原题
Description
When a radio station is broadcasting over a very large area, repeaters are used to retransmit the signal so that every receiver has a strong signal. However, the channels used by each repeater must be carefully chosen so that nearby repeaters do not interfere with one another. This condition is satisfied if adjacent repeaters use different channels.
Since the radio frequency spectrum is a precious resource, the number of channels required by a given network of repeaters should be minimised. You have to write a program that reads in a description of a repeater network and determines the minimum number of channels required.
Input
The input consists of a number of maps of repeater networks. Each map begins with a line containing the number of repeaters. This is between 1 and 26, and the repeaters are referred to by consecutive upper-case letters of the alphabet starting with A. For example, ten repeaters would have the names A,B,C,…,I and J. A network with zero repeaters indicates the end of input.

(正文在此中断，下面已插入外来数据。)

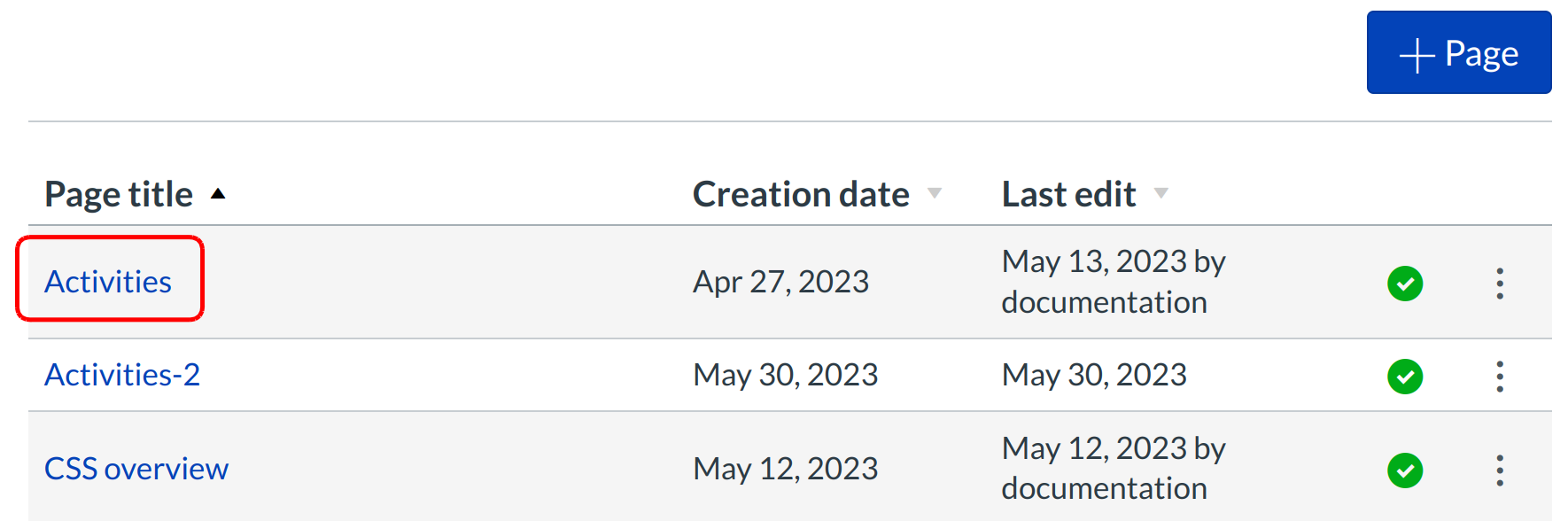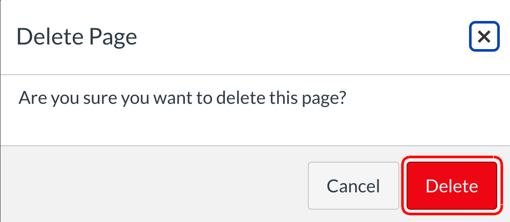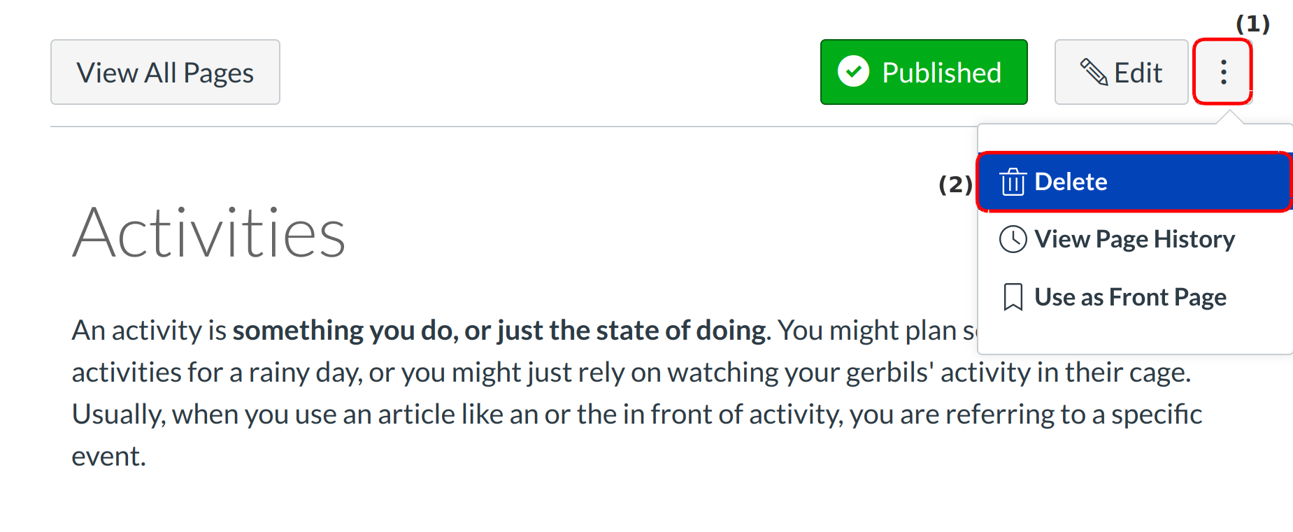 You can delete a Page if you no longer need it or if it is not used as the Front Page for your course.

Following the number of repeaters is a list of adjacency relationships. Each line has the form:
A:BCDH
which indicates that the repeaters B, C, D and H are adjacent to the repeater A. The first line describes those adjacent to repeater A, the second those adjacent to B, and so on for all of the repeaters. If a repeater is not adjacent to any other, its line has the form
A:
The repeaters are listed in alphabetical order.
Note that the adjacency is a symmetric relationship; if A is adjacent to B, then B is necessarily adjacent to A. Also, since the repeaters lie in a plane, the graph formed by connecting adjacent repeaters does not have any line segments that cross.
Output
For each map (except the final one with no repeaters), print a line containing the minumum number of channels needed so that no adjacent channels interfere. The sample output shows the format of this line. Take care that channels is in the singular form when only one channel is required.
Sample Input
2
A:
B:
4
A:BC
B:ACD
C:ABD
D:BC
4
A:BCD
B:ACD
C:ABD
D:ABC
0
Sample Output
1 channel needed.
3 channels needed.
4 channels needed.
原题大意
当无线电台在一个非常大的区域上传播信号时,为了每个接收器都能得到较强的信号,使用转发器转发信号.然而,需要仔细地选择每个转发器使用的频道,以使附近的转发器不彼此干扰.如果附近的转发器使用不同的频道,条件就得到满足.
因为无线电波的频道是宝贵的资源,转发器所需的频道数应减到最少.编程任务:读取转发器的信息,并计算所需频道的最小使用量.
输入格式
输入包含许多转发器的网络图.每幅图的第一行是转发器数目(1~26).转发器用连续的大写字母表示,从A开始.例如,10个转发器的名称是A,B,C,D……,I,J.当转发器的个数是0,表示输入结束.
转发器的数目之后,是其邻近关系的列表.每行的格式为A:BCDH
表示BCDH与A邻近.若某个转发器不与其他转发器邻近,它的形式为
A:
转发器按字母顺序列出(注意:相邻是对称的,A与B相邻同时B与A也相邻).
输出格式
对于每幅图(除了最后一个没有转发器),输出一行,是转发器不互相干扰所需的最小频道数.
算法分析
将本题抽象成无向图
样例分析
转发器A,B,C各不一样,A和D一样,所以需要3个转发器.
转发器A,B,C,D各不一样,所以需要4个转发器.构造无向图
用数组g保存图,表示两点间是否关联bool g[26][26];转发器的数量
int n;着色的实现
因为颜色不超过4种,所以分两种情况:- 所有转发器互不相邻,只要着一种色;
用两种或三种颜色去着色,如果不能成功就是需要4种颜色.
使用dfs()实现算法:bool dfs(int id,int color)id是着色的起点,color是限制的颜色数量.
当某一结点id时,在已经着色的结点中,搜索是否该颜色已经被使用.如果是,就换种颜色,继续搜索.
当所有的着色完成,返回true,否则返回false.
程序代码
#include <stdio.h>
#include <memory.h>
bool g[30][30];//无向图的存储
int used[30]; //每个点所用的颜色的存储
int n;//转发器的数量
bool dfs(int id,int color)//m为当前的点
{
bool flag;
int i,j;
for(i=0;i<color;i++)
{
flag=true;
//结点颜色
used[id]=i;
//判断相邻是否用同一种颜色
for(j=0;j<id;j++)
{
if(g[id][j]&&used[id]==used[j])//是否相邻,若相邻是否颜色相同
{
flag=false;
break;
}
}
if(flag&&(id==n||dfs(id+1,color)))
return true;
}
return false;
}
int main()
{
int i,j;
bool one;//只需要一种颜色的标记
char adj[60];
while(scanf("%d",&n)&&n)
{
one=true;
memset(g,0,sizeof(g));
memset(used,0,sizeof(used));
for(i=0;i<n;i++)
{
scanf("%s",adj);
for(j=2;adj[j];j++,one=false)
{
g[adj[j]-'A'][i]=true;//对称存储
g[i][adj[j]-'A']=true;
}
}
if(one) printf("1 channel needed.\n");
else if(dfs(1,2)) printf("2 channels needed.\n");
else if(dfs(1,3)) printf("3 channels needed.\n");
else printf("4 channels needed.\n");
}
return 0;
}